** DATASET EXTRACT follows **

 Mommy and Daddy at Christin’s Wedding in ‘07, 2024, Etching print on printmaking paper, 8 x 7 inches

** End of DATASET EXTRACT **
** DATASET EXTRACT follows **

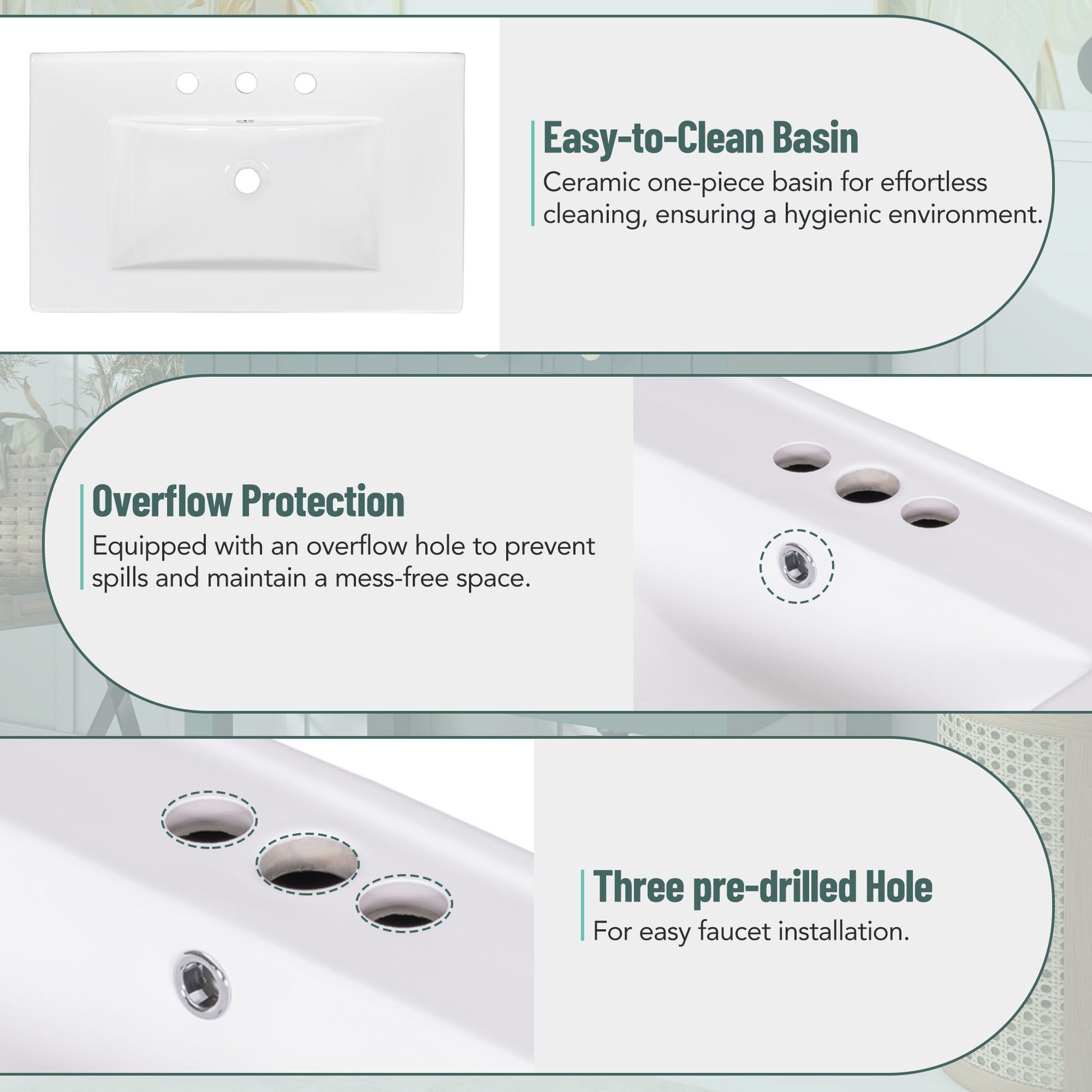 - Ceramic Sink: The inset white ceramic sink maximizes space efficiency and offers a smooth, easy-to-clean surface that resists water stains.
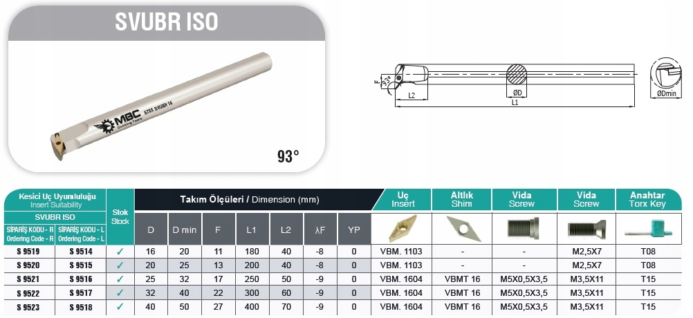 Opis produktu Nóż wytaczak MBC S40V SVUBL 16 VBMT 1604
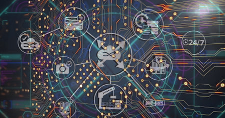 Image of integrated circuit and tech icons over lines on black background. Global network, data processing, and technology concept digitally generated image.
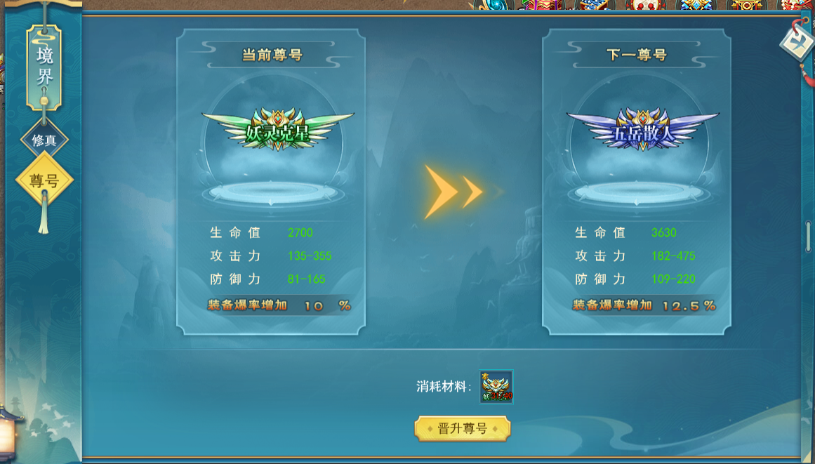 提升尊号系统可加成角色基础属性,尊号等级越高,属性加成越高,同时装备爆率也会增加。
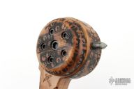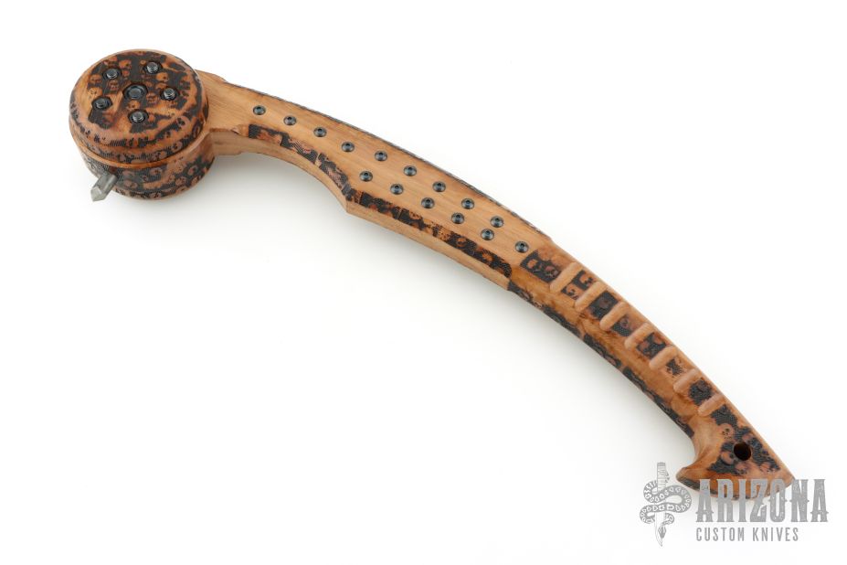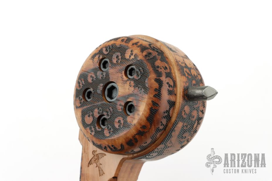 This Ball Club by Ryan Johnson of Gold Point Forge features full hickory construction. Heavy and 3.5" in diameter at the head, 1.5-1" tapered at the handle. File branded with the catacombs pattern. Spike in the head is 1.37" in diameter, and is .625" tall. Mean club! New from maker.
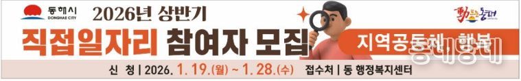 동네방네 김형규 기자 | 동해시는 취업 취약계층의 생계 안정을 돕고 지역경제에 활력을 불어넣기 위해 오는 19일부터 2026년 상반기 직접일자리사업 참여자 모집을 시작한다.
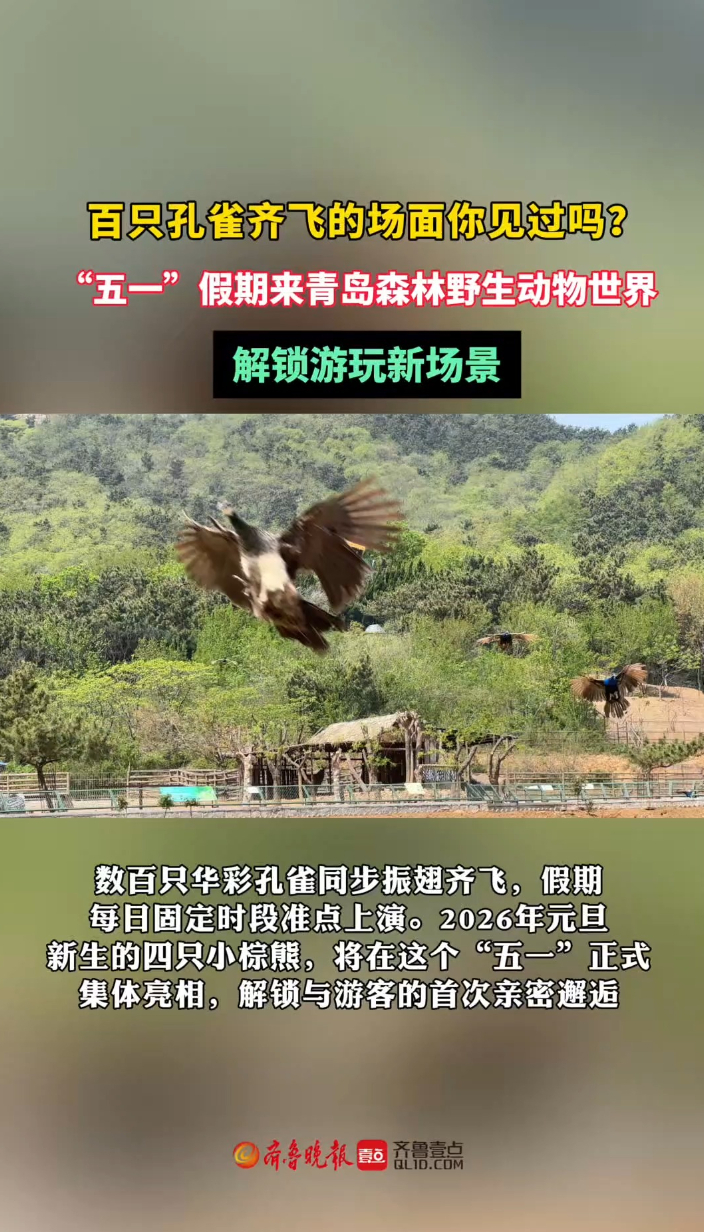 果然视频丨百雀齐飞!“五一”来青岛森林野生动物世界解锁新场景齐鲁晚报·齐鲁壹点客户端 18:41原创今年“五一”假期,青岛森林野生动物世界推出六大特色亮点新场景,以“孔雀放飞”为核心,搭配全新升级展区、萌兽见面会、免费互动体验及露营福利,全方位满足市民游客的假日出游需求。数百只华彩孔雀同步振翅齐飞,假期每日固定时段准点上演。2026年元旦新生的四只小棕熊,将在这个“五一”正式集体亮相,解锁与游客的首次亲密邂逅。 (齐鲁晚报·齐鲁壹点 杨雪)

** End of DATASET EXTRACT **
** DATASET EXTRACT follows **

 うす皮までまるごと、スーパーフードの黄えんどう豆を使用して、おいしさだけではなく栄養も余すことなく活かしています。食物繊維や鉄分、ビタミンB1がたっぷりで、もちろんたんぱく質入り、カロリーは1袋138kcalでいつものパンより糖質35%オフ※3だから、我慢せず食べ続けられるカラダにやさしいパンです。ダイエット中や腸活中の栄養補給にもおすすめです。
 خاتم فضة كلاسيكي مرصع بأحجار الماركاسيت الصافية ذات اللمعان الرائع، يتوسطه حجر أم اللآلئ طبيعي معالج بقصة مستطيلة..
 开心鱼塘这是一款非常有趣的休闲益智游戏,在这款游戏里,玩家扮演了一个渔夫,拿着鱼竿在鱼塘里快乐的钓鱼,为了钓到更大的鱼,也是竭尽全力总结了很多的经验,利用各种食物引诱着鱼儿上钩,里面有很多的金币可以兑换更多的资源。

** End of DATASET EXTRACT **

▶ _THE TASK_:
Look above and copy only the lines from the one holding "This Ball Club" to the one holding "동네방네 김형규 기자", both included, exactly, minus the pictures.

▶ _SOLVED EXERCISE_:
 This Ball Club by Ryan Johnson of Gold Point Forge features full hickory construction. Heavy and 3.5" in diameter at the head, 1.5-1" tapered at the handle. File branded with the catacombs pattern. Spike in the head is 1.37" in diameter, and is .625" tall. Mean club! New from maker.
 동네방네 김형규 기자 | 동해시는 취업 취약계층의 생계 안정을 돕고 지역경제에 활력을 불어넣기 위해 오는 19일부터 2026년 상반기 직접일자리사업 참여자 모집을 시작한다.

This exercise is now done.